As for the intraday strategy, I will mainly rely on the implementation of Scenarios No. 1 and No. 2.
Buy Signal
Scenario No. 1: I plan to buy USD/JPY today upon reaching the entry point around 159.75 (green line on the chart), with a target of 160.20 (thicker green line on the chart). Around 160.20, I plan to exit long positions and open short positions in the opposite direction (expecting a move of 30–35 points). Growth in the pair today can be expected if US data comes in strong.Important! Before buying, make sure the MACD indicator is above the zero line and just beginning to rise.

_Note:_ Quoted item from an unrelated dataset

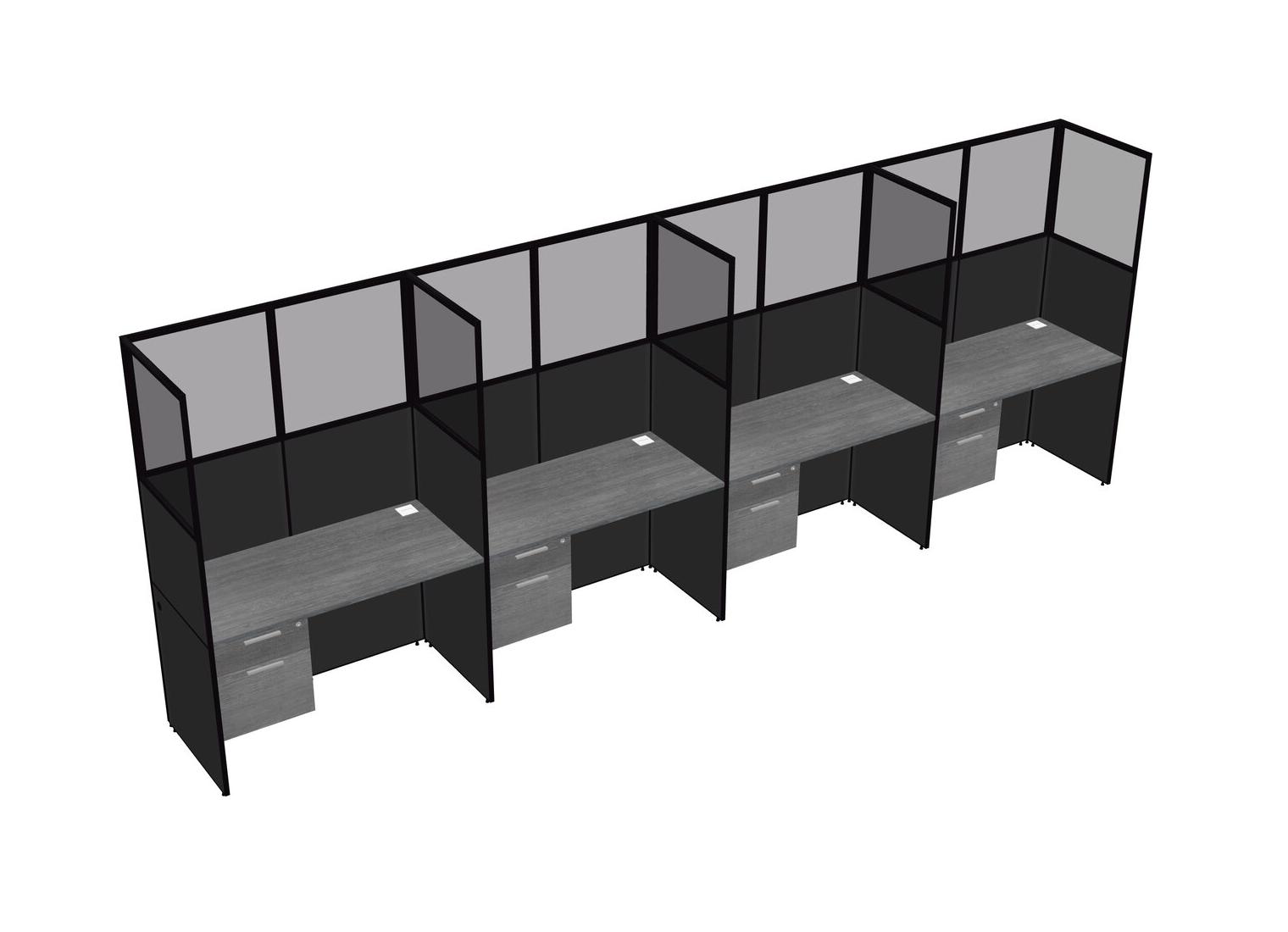 Grey Shared Rectangular Office Cubicle Panel System With Hanging Drawers For 4 Persons

Scenario No. 2: I also plan to buy USD/JPY if there are two consecutive tests of the 159.52 level while the MACD indicator is in the oversold zone. This will limit the pair's downward potential and lead to an upward reversal. Growth toward the opposite levels of 159.75 and 160.20 can be expected.
Sell Signal
Scenario No. 1: I plan to sell USD/JPY after a break below the 159.52 level (red line on the chart), which could lead to a sharp decline. The key target for sellers will be 159.26, where I plan to exit short positions and open long positions in the opposite direction (expecting a 20–25 point move). Pressure on the pair may increase further if weak data is released.Important! Before selling, make sure the MACD indicator is below the zero line and just beginning to decline.

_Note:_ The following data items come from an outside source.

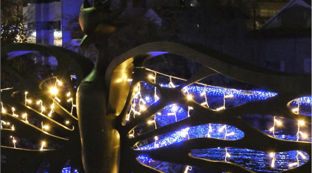 メキシコの芸術家セバスチャンの作品です。1994年に駅前広場整備に併せ設置されました。堺を象徴する不死鳥が未来に羽ばたき、堺の発展と他都市との友好を表現しているそうです。
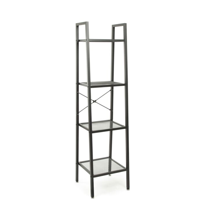 - Kenmerken: Ladderontwerp met vier open planken op een stevig metalen frame, matzwarte afwerking; afmetingen 35 x 35 x 135 cm; maximale belasting per plank 15 kg.
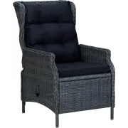 vidaXL Tuinstoel verstelbaar met kussens poly rattan donkergrijs

Scenario No. 2: I also plan to sell USD/JPY if there are two consecutive tests of the 159.75 level while the MACD indicator is in the overbought zone. This will limit the pair's upward potential and lead to a downward reversal. A decline toward the opposite levels of 159.52 and 159.26 can be expected.
Chart Explanation
Important Note for Beginners
Beginner Forex traders should make entry decisions very carefully. Before major fundamental reports are released, it is best to stay out of the market to avoid sharp price swings. If you choose to trade during news releases, always place stop-loss orders to minimize losses. Without stop-losses, you can quickly lose your entire deposit—especially if you do not use proper money management and trade large volumes.
Remember, successful trading requires a clear trading plan, like the one outlined above. Spontaneous trading decisions based on current market conditions are inherently a losing strategy for intraday traders.